Mantan Ketua Umum PW IRM Lampung Periode 2002-2004

Akar dari pendidikan ini adalah Liberalisme, yakni suatu pandangan yang menekankan pengembangan kemampuan, melindungi hak, dan kebebasan (freedoms), serta mengidentifikasi problem dan upaya perubahan sosial secara inskrimental demi menjaga stabilitas jangka panjang. Konsep pendidikan dalam tradisi liberal berakar pada cita cita Barat tentang individualisme. Ide politik liberalisme sejarahnya berkait erat dengan bangkitnya kelas menengah yang diuntungkan oleh kapitalisme. Pengaruh liberalisme dalam pendidikan dapat dianalisa dengan melihat komponen komponennya. Komponen pertama, adalah komponen pengaruh filsafat Barat tentang model manusia universal yakni model manusia Amerika dan Europa. Model tipe ideal mereka adalah manusia “rationalis liberal”, seperti: pertama bahwa semua manusia memiliki potensi sama dalam intelektual, kedua baik tatanan alam maupun norma sosial dapat ditangkap oleh akal.
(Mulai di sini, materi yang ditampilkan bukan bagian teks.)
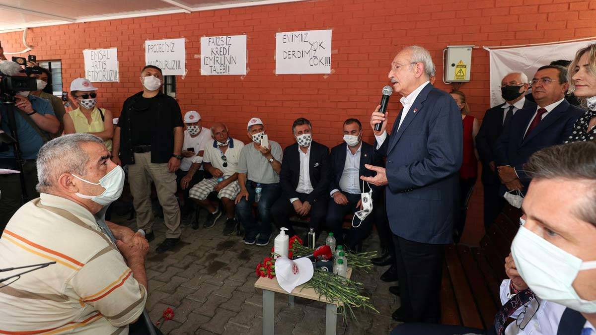 CHP Genel Başkanı Kemal Kılıçdaroğlu, İzmir Büyükşehir Belediyesi’nin hayata geçirdiği yatırımların açılış törenlerine katılmak üzere geldiği İzmir’de 30 Ekim depreminin mağdurlarıyla da buluştu. İzmir Depremzedeleri Dayanışma Derneğini ziyaret eden Kılıçdaroğlu, İzmir Büyükşehir Belediyesi’nin depremde yıkılan konutların yeniden yapılması için bulduğu uygun koşullu Dünya Bankası kredisinin 2 aydır Cumhurbaşkanı’nın onayını beklediğini söyledi. İzmir Depremzedeleri Dayanışma Derneğini ziyaret eden Kılıçdaroğlu, “Acılı günlerde beraber olup, birbirimizin acılarını paylaşmak son derece önemli. Depremden hemen sonra buraya geldik, sizlerle birlikte olduk. Bugün yine birlikteyiz” dedi.

Ketiga adalah “individualis” yakni adanya angapan bahwa manusia adalah atomistik dan otonom (Bay,1988). Menempatkan individu secara atomistic, membawa pada keyakinan bahwa hubungan sosial sebagai kebetulan, dan masyarakat dianggap tidak stabil karena interest anggotanya yang tidak stabil.
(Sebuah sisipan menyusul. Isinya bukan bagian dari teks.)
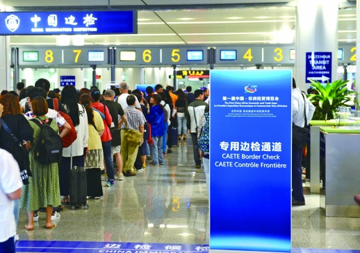为了确保参会来宾出行顺畅,长沙机场在T2航站楼的到达层,开辟了醒目的中非经贸博览会“专用边检通道”;并且,国际安检区及通道由原来的12米扩宽至34米,安检道口由原来错列式4个升级为并排式8个;还设置了专门的值机柜台,国际旅客进出港的等候时间将大幅缩短。
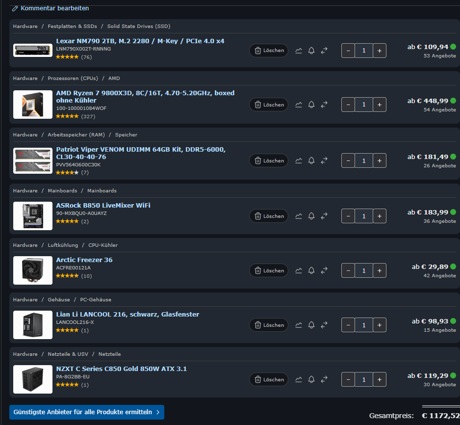 2. Ggf. mehr Lüfter, das ich nie Probleme habe das es sich erwärmt. (wie mit meinem jetzigen) - Weiß nicht genau ob das in dem Screenshot im Anhang genügt.

Positivisme juga berpengaruh dalam pendidikan liberal. Positivisme sebagai suatu paradigma ilmu sosial yang dominan sewasa ini juga menjadi dasar bagi model pendidikan Liberal. Positivisme pada dasarnya adalah ilmu sosial yang dipinjam dari pandangan, metode dan teknik ilmu alam memahami realitas. Positivisme sebagai suatu aliran filsafat berakar pada tradisi ilmu ilmu sosial yang dikembangkan dengan mengambil cara ilmu alam menguasai benda, yakni dengan kepercayaan adanya universalisme and generalisasi, melalui metode determinasi, ‘fixed law’ atau kumpulan hukum teori (Schoyer, 1973). Positivisme berasumsi bahwa penjelasan tungal dianggap ‘appropriate’ untuk semua fenomena. Oleh karena itu mereka percaya bahwa riset sosial ataupun pendidikan dan pelatihan harus didekati dengan metode ilmiah yakni obyektif dan bebas nilai. Pengetahuan selalu menganut hukum ilmiah yang bersifat universal, prosedur harus dikuantifisir dan diverifikasi dengan metode “scientific”. Dengan kata lain, positivisme mensaratkan pemisahan fakta dan values dalam rangka menuju pada pemahaman obyektif atas realitas sosial.

Paradigma Kritis/Radikal.

Pendidikan bagi mereka merupakan arena perjuangan politik. Jika bagi konservatif pendidikan bertujuan untuk menjaga status quo, sementara bagi kaum liberal untuk perubahan moderat, maka paradigma kritis menghendaki perubahan struktur secara fundamental dalam politik ekonomi masyarakat dimana pendidikan berada. Bagi mereka kelas dan diskriminasi gender dalam mayarakat tercermin pula dalam dunia pendidikan. Paham ini bertentangan dengan pandangan kaum liberal dimana pendidikan dianggap terelpas dari persoalan kelas dan gender yang ada dalam masyarakat. Dalam perspektif kritis, urusan pendidikan adalah melakukan refleksi kritis, terhadap ‘the dominant ideology’ kearah transformasi sosial. Tugas utaama pendidikan adalah menciptakan ruang agar sikap kritis terhadap sistim dan sruktur ketidak adilan, serta melakukan dekonstruksi dan advokasi menuju sistim sosial yang lebih adil. Pendidikan tidak mungkin dan tidak bisa bersikap netral, bersikap obyektif maupun berjarak dengan masyarakat (detachment) seperti anjuran positivisme. Visi pendidikan adalah melakukan kritik terhadap sistim dominan sebagai pemihakan terhadap rakyat kecil dan yang tertindas untuk mencipta sistim sosial baru dan lebih adil. Dalam perspektif kritis, pendidikan harus mampu menciptakan ruang untuk mengidentifikasi dan menganalisis secara bebas dan kritis untuk transformasi soaial. Dengan kata lain tugas utama pendidikan adalah ‘memanusiakan’ kembali manusia yang mengalami dehumanisasi karena sistim dan struktur yang tidak adil.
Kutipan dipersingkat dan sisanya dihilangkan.